Joseph wasn’t the only one whose acculturation into the ways of Egypt had to be undone. The pivotal account of idolatry—the people of Israel dancing around a golden calf they named as the god who brought them out of Egypt—was because, the early Christian martyr Stephen preached, “in their hearts they turned to Egypt” (Acts 7:39). Having left a land of graven images, the people wanted one of their own—something they could see and feel, a source of solidarity and community since “this Moses, the man who brought us up out of the land of Egypt, we do not know what has become of him” (Ex. 32:1).

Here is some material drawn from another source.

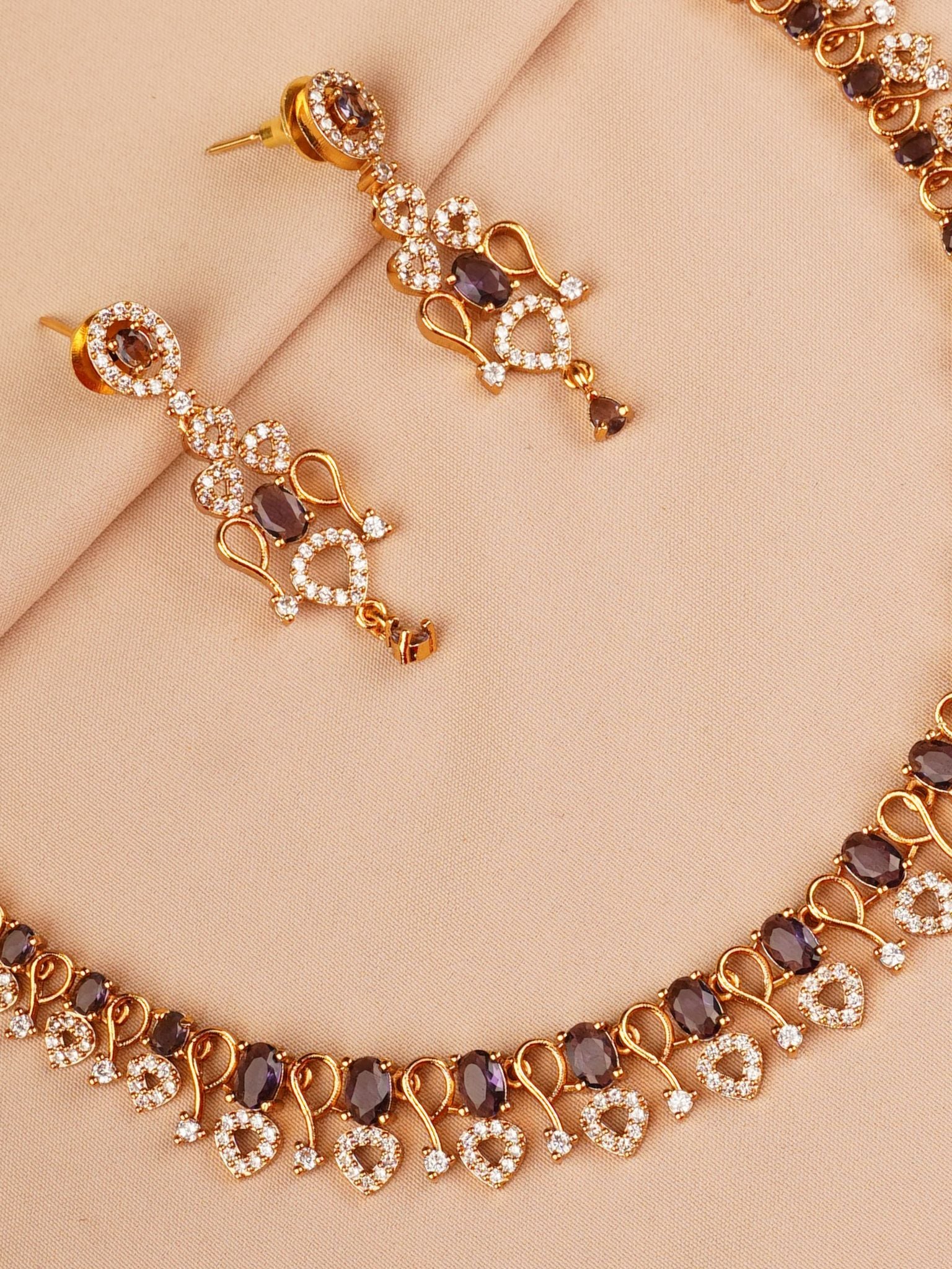 The Smoky Amethyst Grace Necklace Set blends muted purple tones with soft gold and crystal brilliance for an elegant, refined look. The necklace features a continuous line of amethyst-hued stones framed by delicate heart-shaped crystal motifs, creating a rhythmic sparkle across the neckline.

The pull to Egyptianized affections is denounced by the prophet Isaiah, as the people of Israel sought protection from their enemies through the power of Egypt. Egypt as an ally was as bad as Egypt as an oppressor, perhaps even worse. “Therefore shall the protection of Pharaoh turn to your shame, and the shelter in the shadow of Egypt to your humiliation” (Is. 30:3). Whether trusting in Egyptian-like statues or in Egyptian-led armies, the impulse was the same: seeking protection and a future in an idol instead of in the way of God, a way that looks, in the terms set by Pharaoh or Caesar, to be failure.

The prophets warned that the making of idols—those objects or ideas or affiliations that replace for us what should be ultimate—are destructive. At this moment, though, the idols don’t seem to be killing us. They seem to be helping us succeed. In reality, though, they are doing worse than killing us—they are deadening us.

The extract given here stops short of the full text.